Olefin epoxidation by peroxo complexes of Cr, Mo, and W. A comparative density functional study

The epoxidation of olefins by peroxo complexes of Cr(VI), Mo(VI) and W(VI) was investigated using the B3LYP hybrid density functional method. For the mono- and bisperoxo model complexes with the structures (NH₃)(L)M(O)(2- n)(η²-O₂)(1+n) (n = 0, 1; L = none, NH₃; M = Cr, Mo, W) and ethylene as model olefin, two reaction mechanism were considered, direct oxygen transfer and a two-step insertion into the metal-peroxo bond. The calculations reveal that direct attack of the nucleophilic olefin on an electrophilic peroxo oxygen center via a transition state of spiro structure is preferred as significantly higher activation barriers were calculated for the insertion mechanism than for the direct mechanism. W complexes are the most active in the series investigated with the calculated activation barriers of direct oxygen transfer to ethylene decreasing in the order Cr > Mo > W. Barriers of bisperoxo species are lower than those of the corresponding monoperoxo species.
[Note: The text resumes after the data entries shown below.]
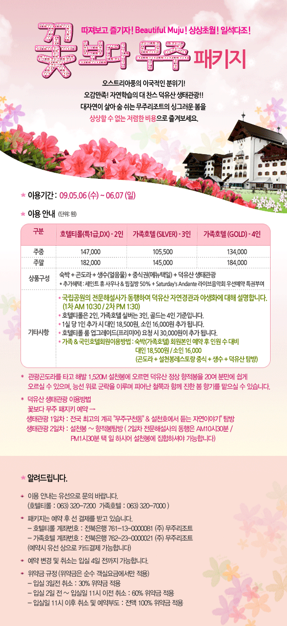 따져보고 즐기자 ! Beautiful Muju ! 상상초월 ! 일석다조 ! 꽃보다 무주 패키지2009-04-27 확인 다음글09년 무주구천동 철쭉제에 초대합니다 이전글관광 곤도라 이용요금 인상 안내 목록
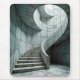 A grand spiral staircase made of marble elegantly rises, illuminated by light from above that accentuates its intricate design
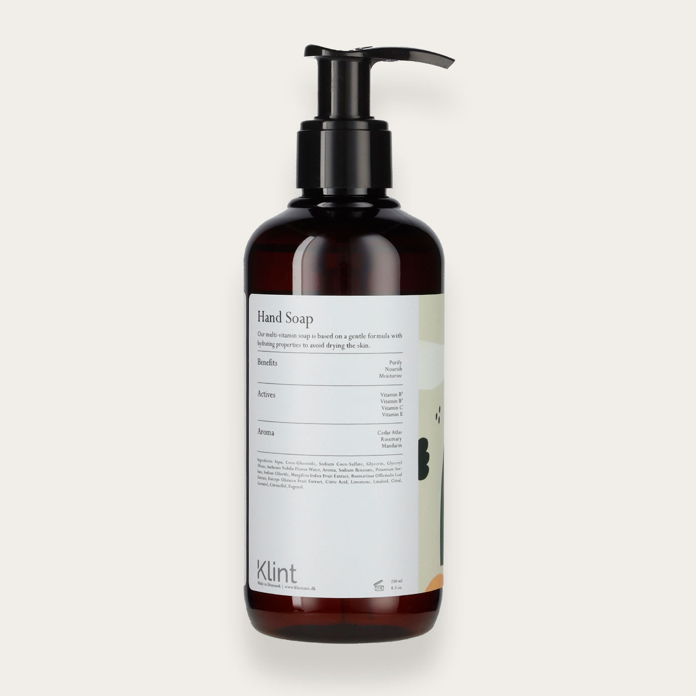 Håndsæben er 100% vegansk og fri for silikoner, syntetiske kemikalier (phthalater), petroleumsbaserede ingredienser (PEG'er), parabener og kunstige farver.
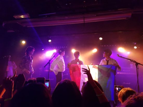 Quand les premières notes de “Seven Nation Army” des “White Stripes” ont été entendues, les encouragements n’ont fait qu’augmenter. Tout le monde s’est mis à chanter à l’unisson sur le thème de basse ultra-célèbre. Enfin, la dernière chanson, l’une des plus célèbres des Drug Restaurant, “Mistake” a été le coup de grâce de ce concert de rock. Les artistes, bien qu’épuisés, ont continué de jouer avec passion. L’occasion pour les fans d’applaudir les artistes une dernière fois. Une photo de groupe a ensuite été prise, avec un drapeau français donné par une fan [Mai] et signé par le groupe. Cette photo symbolise le beau souvenir de ce concert exceptionnel.
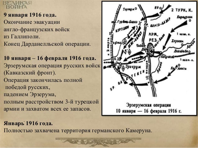 55. 55. 9 января 1916 года. Окончание эвакуации англо-французских войск из Галлиполи. Конец Дарданелльской операции. 10 января – 16 февраля 1916 года. Эрзерумская операция русских войск (Кавказский фронт). Операция закончилась полной победой русских, падением Эрзерума, полным расстройством 3-й турецкой армии и захватом всех ее запасов. . Январь 1916 года. Полностью захвачена территория германского Камеруна.

Coordination of a second NH₃ base ligand to the mono-coordinated species, (NH₃)M(O)₂(η²-O₂) and (NH₃)MO(η²-O₂)₂, results in a significant increase of the activation barrier which deactivates the complex. Finally, based on a molecular orbital analysis, we discuss factors that govern the activity of the metal peroxo group M(η²-O₂), in particular the role of metal center.